Incus host on google compute engine boots to emergency mode

I have incus host running on a debian 12 instance on gce, which was working fine but now gets stuck in emergency mode after a reboot.

The serial port output


[[0;32m  OK  [0m] Reached target [0;1;39mnetwork-online.target[0m - Network is Online.


[[0;32m  OK  [0m] Reached target [0;1;39mnss-lookup.…m - Host and Network Name Lookups.


You are in emergency mode. After logging in, type "journalctl -xb" to view

system logs, "systemctl reboot" to reboot, "systemctl default" or "exit"

to boot into default mode.



Cannot open access to console, the root account is locked.

See sulogin(8) man page for more details.


Looking through the serial port logs, there are no “error” logs, but a fs related job times out. I’m guessing this is the attached zfs disk (non root).

[K[   [0;31m*[0;1;31m*[0m[0;31m*[0m] Job dev-disk-by\x2duuid-6b3277db\x2…tart running (1min 28s / 1min 30s)
M
[K[    [0;31m*[0;1;31m*[0m] Job dev-disk-by\x2duuid-6b3277db\x2…tart running (1min 29s / 1min 30s)
M
[K[     [0;31m*[0m] Job dev-disk-by\x2duuid-6b3277db\x2…tart running (1min 29s / 1min 30s)
M
[K[    [0;31m*[0;1;31m*[0m] Job dev-disk-by\x2duuid-6b3277db\x2…tart running (1min 30s / 1min 30s)
M
[K[[0;1;31m TIME [0m] Timed out waiting for device [0;1;…277db-5548-43c1-8dd5-179c5c2e4dae.
[K[[0;1;38;5;185mDEPEND[0m] Dependency failed for [0;1;39msyst…277db-5548-43c1-8dd5-179c5c2e4dae.
[[0;1;38;5;185mDEPEND[0m] Dependency failed for [0;1;39mmedi…ta\x2d1.mount[0m - /media/data-1.
[[0;1;38;5;185mDEPEND[0m] Dependency failed for [0;1;39mloca…s.target[0m - Local File Systems.

The first time this happened it was due to a “shielded_vm_integrity” event;

lateBootReportEvent: {
   actualMeasurements: [11]
   policyEvaluationPassed: false
   policyMeasurements: [3]
}

I have now disabled vTPM, Integrity Monitoring & Secure Boot options.
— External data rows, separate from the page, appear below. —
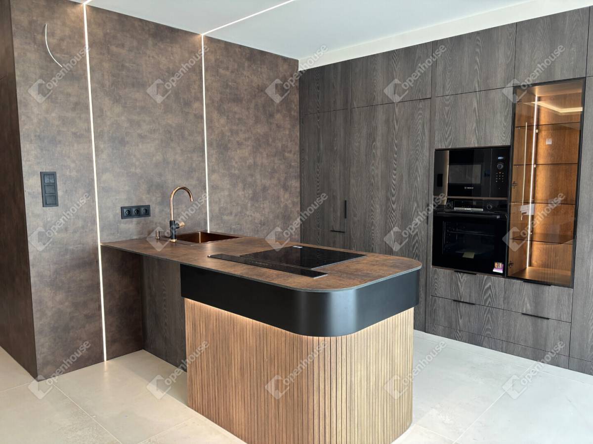 impozáns nappali–konyha–étkező (36,47 m²) egyedi beépített bútorokkal és nagyméretű teraszkapcsolattal,
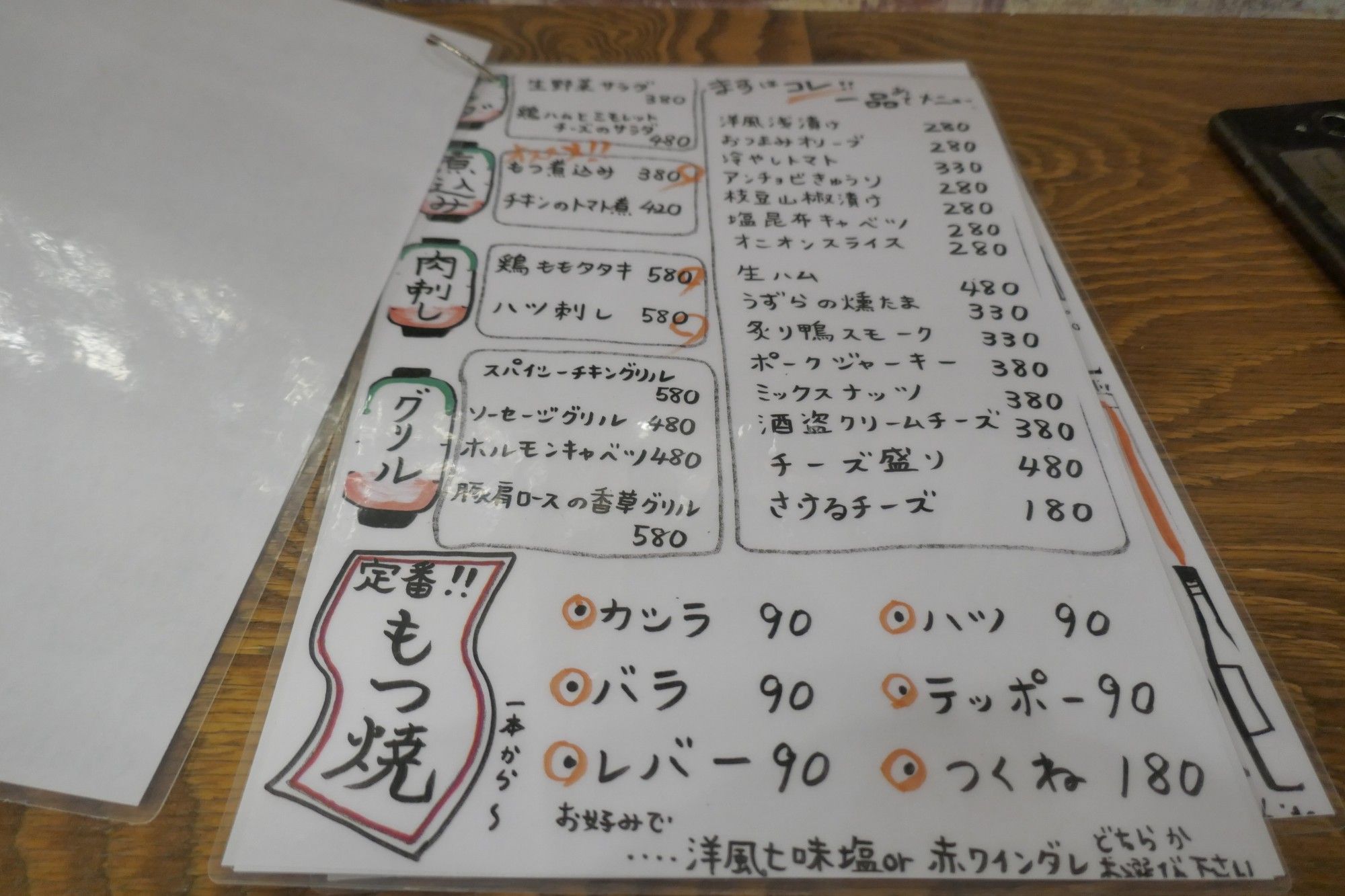 サラダ、煮込み、肉刺し、グリル、もつ焼き、各種おつまみメニュー
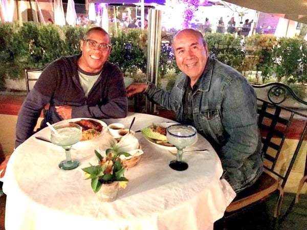 Me and Fernando enjoying a margarita on the rooftop terrace at La Posadita
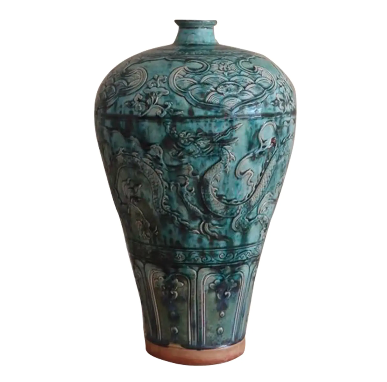 Large turquoise glaze vase decorated with dragon relief art from China. Urn silhouette with dramatic scale.
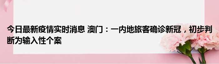 今日最新疫情实时消息 澳门:一内地旅客确诊新冠,初步判断为输入性个案
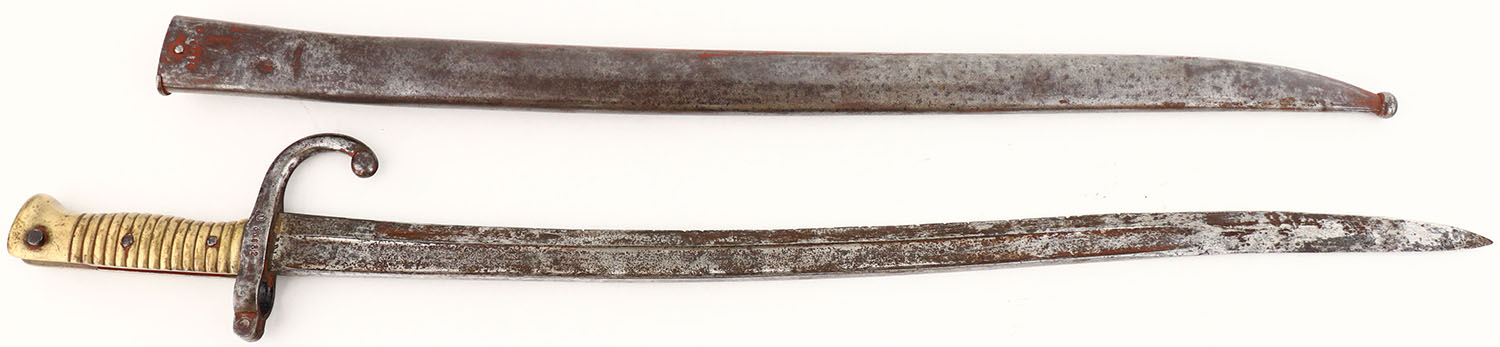 French, M1866 Chassepot, Yataghan sword bayonet, & sheath. The blade is bare steel, with dark brown patina/ light rust, & raised/cleaned pitting all over the blade. The edge has lots of small nicks & chips. The guard & handle also have patina. The left side of the blade is marked ''P.D.I'', ''C'' in a circle. The left side of the guard is marked ''U 35682''. The sheath has a spots of orange/red paint, & has spots of patina & finish wear. The sheath has been heavily buffed & cleaned. Yataghan sword bayonet for use on the 11 mm. M1866 Chassepot needle-fire rifle, which was France's first cartridge fed rifle. Grade: Very Good + - Value: 100 to 200
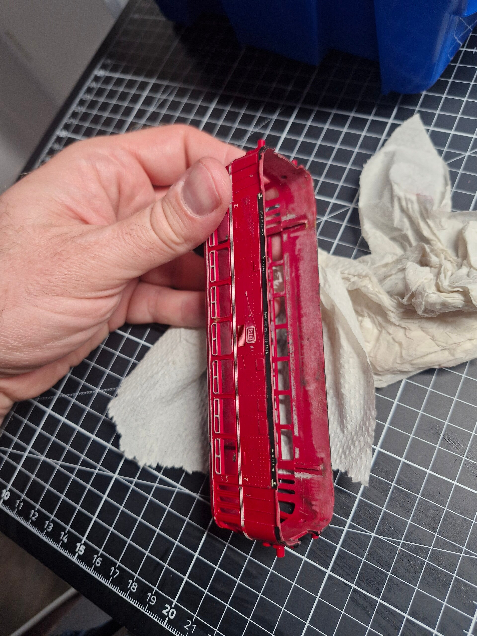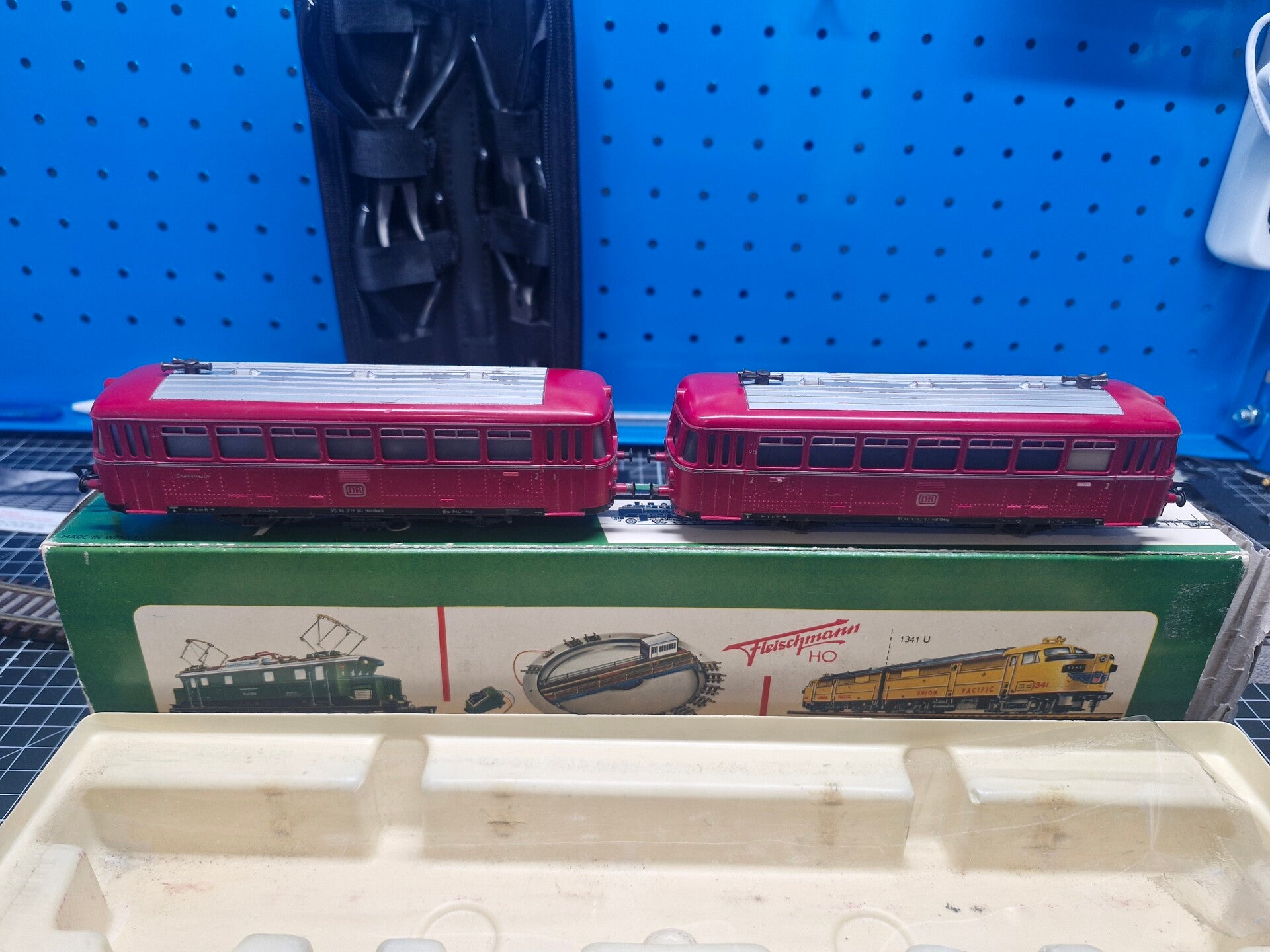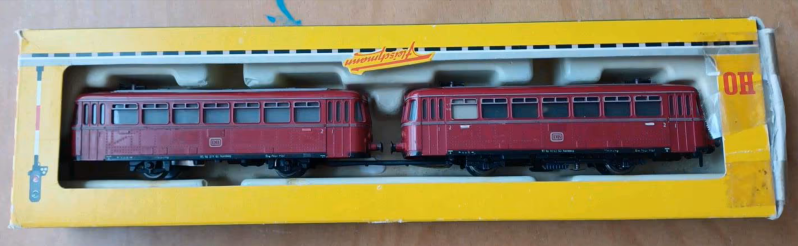 Dieser schöne Schienenbus wurde als Teil eines Konvoluts auf Kleinanzeigen.de erstanden, mit sehr wenigen Informationen und ungetestet - man musste also davon ausgehen, dass es das eine oder andere Problem geben könnte. Das Bild mit der ausgefransten OVP und fehlendem Klarsicht-Schutz liess darauf schliessen, dass der Schienenbus gebraucht war und, eventuell aufgrund eines Nachlassfalls, schon lange in der Verpackung lag.

I no longer get the integrity event, however the machine still goes to emergency mode.

I would like to recover this instance if possible. Any ideas on how to address? Even connect to the console would be a step in the right direction.

Welcome!

There is a mention about a mount point not being available, on /media/data-1. Is that the storage pool for Incus on there? Can you check the state of that mount point from the GCE environment?

Thank you @simos !

Hmm, that’s likely the storage pool for incus. When I configured the pool I believe I used:
incus storage create pd-standard zfs source=/dev/sdb

I’ve since learned that one shouldn’t use /dev/sdX on GCE as the device mapping may change. I can boot a recovery VM instance and mount the root disk, is there a way I can “fix” the incus storage pool? Or even just remove it, I hadn’t begun using it (effectively) yet.

Thanks!

Feel free to delete it and create a new one.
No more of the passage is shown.